If your organization does not provide you with an TLS server certificate, you must request a new certificate that is signed by a CA.

You can use several methods to obtain a new signed certificate. For example, you can use the Microsoft certreq utility to generate a Certificate Signing Request (CSR) and submit a certificate request to a CA.

See the Scenarios for Setting Up TLS Certificates for Horizon document for an example that shows you how to use certreq to accomplish this task.

For testing purposes, you can obtain a free temporary certificate based on an untrusted root from many CAs.
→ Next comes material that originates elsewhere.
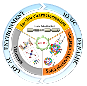 杨勇教授课题组多年来致力于发展先进的固体核磁技术,用于电化学能源材料的研究并取得了系列重大进展。近期课题组结合ssNMR和深电势分子动力学模拟(DPMD),揭示了顺磁性电池材料中的快速碱金属离子动力学(Angew. Chem. Int. Ed. 2021. in Press),利用国际合作研发的电化学-原位固体核磁技术装置,追踪界面金属的枝晶生长过程(Nat. Nanotechnol. 2020, 15, 883-890),研究负极材料的充放电机理( J. Mater. Chem. A, 2019, 7,19793)等。此外,利用高分辨魔角旋转固体核磁技术对锂离子电池正极材料(Nat. Energy 2017, 2, 17074; Journal of Power Sources 412 (2019) 336–343)、钠离子电池正极材料(Nat. Commun. 2020, 11, 1-12; Angew.Chem. Int. Ed. 2018, 57,11918 –11923;Angew. Chem. Int. Ed. 2019, 58, 18086-18095)以及固态电池与固体电解质材料(Adv. Energy Mater. 2021, 11, 2003583; Materials Today 2020,36,139-163; Nano Energy 67 (2020) 104252;Chem. Mater. 2020, 32, 4998−5008)的充放电反应机理,进行了深入系统的研究。

Important: You must follow certain rules and guidelines when you obtain signed TLS certificates from a CA.
  • When you generate a certificate request on a computer, make sure that a private key is generated also. When you obtain the TLS server certificate and import it into the Windows local computer certificate store, there must be an accompanying private key that corresponds to the certificate.
  • To comply with VMware security recommendations, use the fully qualified domain name (FQDN) that client devices use to connect to the host. Do not use a simple server name or IP address, even for communications within your internal domain.
  • Do not generate certificates for servers using a KeyLength value under 1024. Client endpoints will not validate a certificate on a server that was generated with a KeyLength under 1024, and the clients will fail to connect to the server. Certificate validations that are performed by Connection Server will also fail, resulting in the affected servers showing as red in the Horizon Console dashboard.

For general information about obtaining certificates, consult the Microsoft online help available with the Certificate Snap-in to MMC. If the Certificate Snap-in is not yet installed on your computer, see Add the Certificate Snap-In to MMC.